Closed kinverarity1 closed 2 years ago
I have also a LAS file version 2.0 that has datetime channels inside, so I hope you will have similar to Python from __future__ import
functionality to make available in LAS 2.0 functionality defined for LAS 3.0.
~VERSION INFORMATION
VERS . 2.0 :CWLS Log ASCII Standard - VERSION 2.0
...
~CURVE INFORMATION
#MNEM .UNIT API CODE :DESCRIPTION
#---- ------ -------------- -----------------------------
TIME_1900 .d : Time Index(OLE Automation date)
TIME .s : (1s) Time(hh mm ss/dd-MMM-yyyy)
...
41725.9438268634 22:39:06/27-Mar-2014 ...
It's about time to support datetime and/or timestamps in the data section for LAS <= 2 files. At the moment the data array is a numpy.ndarray with a common data type, so it won't work. Here are the options that I see:
We would need to read the datetimes and timestamps as a float
Then after the array is reshaped back in LASFile.read(), create the structured ndarray:
We would have to keep track of which column is datetime/timestamped or not.
Update: More realistic would be re-doing the first function above so that it knows what dtype should be expected in which column. Somehow we have to support wrapped files. To do that, the read_file_contents function would have to fully parse the Curves section(s) before tackling the data section(s):
Obviously my preference is for option 2 😄
Update: pandas would struggle, I suspect, with wrapped files, which I'd prefer to support with the same code as unwrapped.
I like the idea of leveraging pandas for the LASv2+ support. But it appears that you are right about pandas struggling with wrapped files. There doesn't seem to be any pandas built-in solution for reading rows that span multiple newlines (see this S.O. post for example).
Just spitballing here, but would it make any sense to have some simple heuristic based on the first few lines of the ~A section to determine if it's wrapped or not? Then the logic might be: if it's not wrapped it could go directly to pandas via read_csv. If it's wrapped, the data section could be "unwrapped" then sent to pandas.
Maybe that's more of a rewrite than you'd want to do, and it's unclear if the benefits (e.g. pandas handles datatypes) would outweigh the issues that arise (for example I'm not sure how pandas could do what you do with the READ_SUBS to handle malformed data sections).
Yeah...I think either way it's a biggish job. I'm warming to using a record array. It's a good chance to do some of the LAS 3 stuff like reading multiple data sections, and dealing with comma delimited data sections too.

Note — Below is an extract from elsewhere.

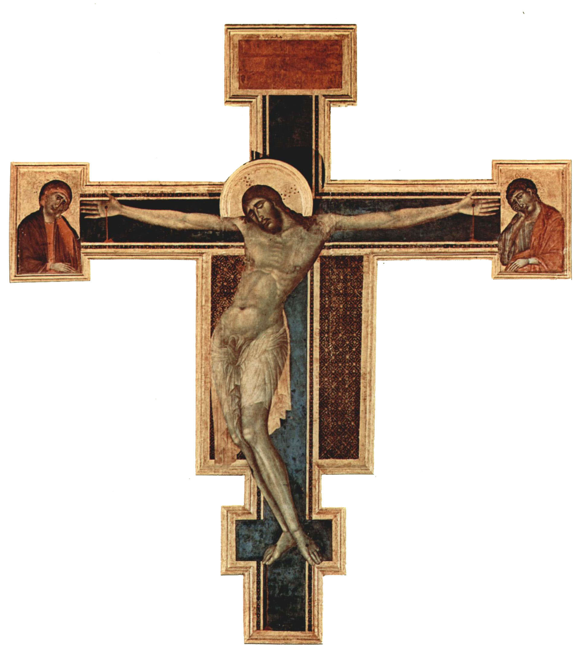 Although heavily influenced by Byzantine models, Cimabue is generally regarded as one of the first great Italian painters to break from the Italo-Byzantine style.[6] While medieval art then was scenes and forms that appeared relatively flat and highly stylized, Cimabue’s figures were depicted with more advanced lifelike proportions and shading than other artists of his time. According to Italian painter and historian Giorgio Vasari, Cimabue was the teacher of Giotto,[3] the first great artist of the Italian Proto-Renaissance. However, many scholars today tend to discount Vasari’s claim by citing earlier sources that suggest otherwise.[7]

Plus it might allow solving #227
The tricky part is keeping the memory/speed usage as it is now.
This may not be the best spot to put this comment, but just to follow up on the "to pandas or not to pandas" question, this weekend I played around a bit with adding a pandas engine for parsing the data section.
Here are some benchmarks on a 28MB (unwrapped) las file, comparing the default parser and this pandas one I kluged in:
default lasio parsing
%timeit las = lasio.read('example_28MB_file.las')
4.93 s ± 111 ms per loop (mean ± std. dev. of 7 runs, 1 loop each)
%memit las = lasio.read('example_28MB_file.las')
peak memory: 182.38 MiB, increment: 98.73 MiB
pandas parsing
%timeit las = lasio.read('example_28MB_file.las', engine='pandas')
347 ms ± 4.7 ms per loop (mean ± std. dev. of 7 runs, 1 loop each)
%memit las = lasio.read('example_28MB_file.las', engine='pandas')
peak memory: 112.80 MiB, increment: 28.46 MiB
Admittedly this code is not production ready, wouldn't pass all tests, and doesn't deal with wrapped files!
But this basic test on my unoptimized code to read the data section with pandas read_table
and convert it to a 1-D array (as the default parser does) shows some promising gains in speed (>10x) and memory usage.
Thanks. That is attractive. lasio is already much too slow. I am not sure that the benefits of all the substitution code outweigh the performance benefits, given that so many files are unwrapped.
@ahjulstad submitted a great PR (#149) ages ago which went down this route, but I did not merge it because it came before a major refactor of how the reader &c was set up. And I was being precious about not requiring pandas
. Perhaps we should get that PR up to date - or use your engine - and then implement the unwrapped reader last.
An issue that needs doing before we start: rework the overall reading function so that all the header sections are fully parsed before even touching any of the data sections. That way we know whether they are wrapped or not, whether any columns can be expected to be non-numeric, and so on, when parsing the data section. (TLDR: fix my horrendous LASFile.read()
method).
And, if we have separate code for parsing wrapped and unwrapped data: all tests featuring the data section need to be duplicated for both wrapped and unwrapped.
+1 for pandas.read_csv as default engine for non wrapped files.
Reasons:
If needed for harmonization, I think it is possible to write "unwrapper" for wrapped LAS files and after that use the same read_csv function.
This has basically been implemented now in v0.30:
The 3.0 specification describes a datetime format code (p. 24). I need to implement it.